• WHAT THIS TASK INVOLVES
Omit the images. Restate all of the records word for word.

• Data extracted from a collection
+++++

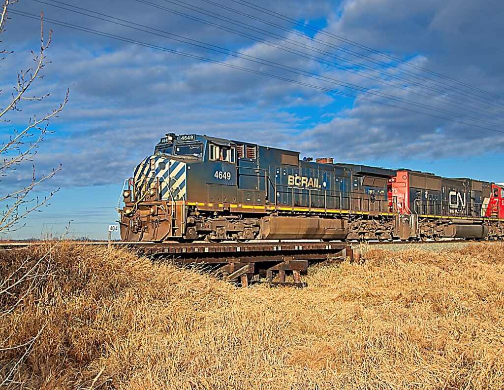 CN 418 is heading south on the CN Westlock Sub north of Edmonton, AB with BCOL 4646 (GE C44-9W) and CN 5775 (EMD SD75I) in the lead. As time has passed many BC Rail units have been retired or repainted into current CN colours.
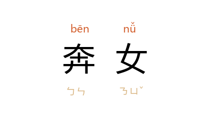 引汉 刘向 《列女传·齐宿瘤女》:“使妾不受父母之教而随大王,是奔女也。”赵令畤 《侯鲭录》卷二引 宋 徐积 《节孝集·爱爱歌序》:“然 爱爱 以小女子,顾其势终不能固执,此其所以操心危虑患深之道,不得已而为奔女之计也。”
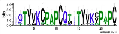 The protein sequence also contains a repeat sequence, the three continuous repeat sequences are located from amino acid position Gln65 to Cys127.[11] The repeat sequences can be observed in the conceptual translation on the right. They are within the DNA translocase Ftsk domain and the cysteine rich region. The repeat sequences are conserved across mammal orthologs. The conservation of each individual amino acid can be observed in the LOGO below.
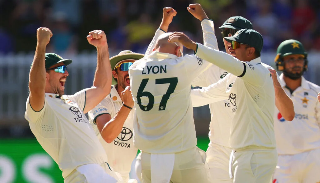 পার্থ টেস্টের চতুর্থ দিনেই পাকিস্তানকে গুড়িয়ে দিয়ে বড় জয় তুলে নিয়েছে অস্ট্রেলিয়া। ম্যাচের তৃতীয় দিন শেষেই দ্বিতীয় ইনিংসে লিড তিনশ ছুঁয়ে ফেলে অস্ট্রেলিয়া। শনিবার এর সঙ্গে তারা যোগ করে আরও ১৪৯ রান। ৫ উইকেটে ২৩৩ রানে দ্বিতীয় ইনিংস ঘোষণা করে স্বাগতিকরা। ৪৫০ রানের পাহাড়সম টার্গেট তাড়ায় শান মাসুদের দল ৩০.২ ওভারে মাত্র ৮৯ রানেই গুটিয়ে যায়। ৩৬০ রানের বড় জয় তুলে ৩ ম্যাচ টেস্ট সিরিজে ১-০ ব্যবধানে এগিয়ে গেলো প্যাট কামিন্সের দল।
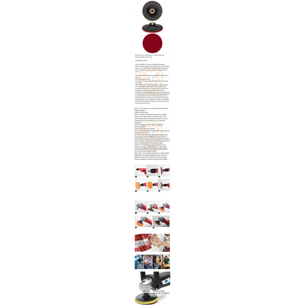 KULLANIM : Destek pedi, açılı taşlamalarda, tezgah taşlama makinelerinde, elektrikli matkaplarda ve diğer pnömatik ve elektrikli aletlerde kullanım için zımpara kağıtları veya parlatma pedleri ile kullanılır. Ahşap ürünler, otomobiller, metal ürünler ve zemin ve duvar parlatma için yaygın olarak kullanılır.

+++++

• RESULT
 CN 418 is heading south on the CN Westlock Sub north of Edmonton, AB with BCOL 4646 (GE C44-9W) and CN 5775 (EMD SD75I) in the lead. As time has passed many BC Rail units have been retired or repainted into current CN colours.
 引汉 刘向 《列女传·齐宿瘤女》:“使妾不受父母之教而随大王,是奔女也。”赵令畤 《侯鲭录》卷二引 宋 徐积 《节孝集·爱爱歌序》:“然 爱爱 以小女子,顾其势终不能固执,此其所以操心危虑患深之道,不得已而为奔女之计也。”
 The protein sequence also contains a repeat sequence, the three continuous repeat sequences are located from amino acid position Gln65 to Cys127.[11] The repeat sequences can be observed in the conceptual translation on the right. They are within the DNA translocase Ftsk domain and the cysteine rich region. The repeat sequences are conserved across mammal orthologs. The conservation of each individual amino acid can be observed in the LOGO below.
 পার্থ টেস্টের চতুর্থ দিনেই পাকিস্তানকে গুড়িয়ে দিয়ে বড় জয় তুলে নিয়েছে অস্ট্রেলিয়া। ম্যাচের তৃতীয় দিন শেষেই দ্বিতীয় ইনিংসে লিড তিনশ ছুঁয়ে ফেলে অস্ট্রেলিয়া। শনিবার এর সঙ্গে তারা যোগ করে আরও ১৪৯ রান। ৫ উইকেটে ২৩৩ রানে দ্বিতীয় ইনিংস ঘোষণা করে স্বাগতিকরা। ৪৫০ রানের পাহাড়সম টার্গেট তাড়ায় শান মাসুদের দল ৩০.২ ওভারে মাত্র ৮৯ রানেই গুটিয়ে যায়। ৩৬০ রানের বড় জয় তুলে ৩ ম্যাচ টেস্ট সিরিজে ১-০ ব্যবধানে এগিয়ে গেলো প্যাট কামিন্সের দল।
 KULLANIM : Destek pedi, açılı taşlamalarda, tezgah taşlama makinelerinde, elektrikli matkaplarda ve diğer pnömatik ve elektrikli aletlerde kullanım için zımpara kağıtları veya parlatma pedleri ile kullanılır. Ahşap ürünler, otomobiller, metal ürünler ve zemin ve duvar parlatma için yaygın olarak kullanılır.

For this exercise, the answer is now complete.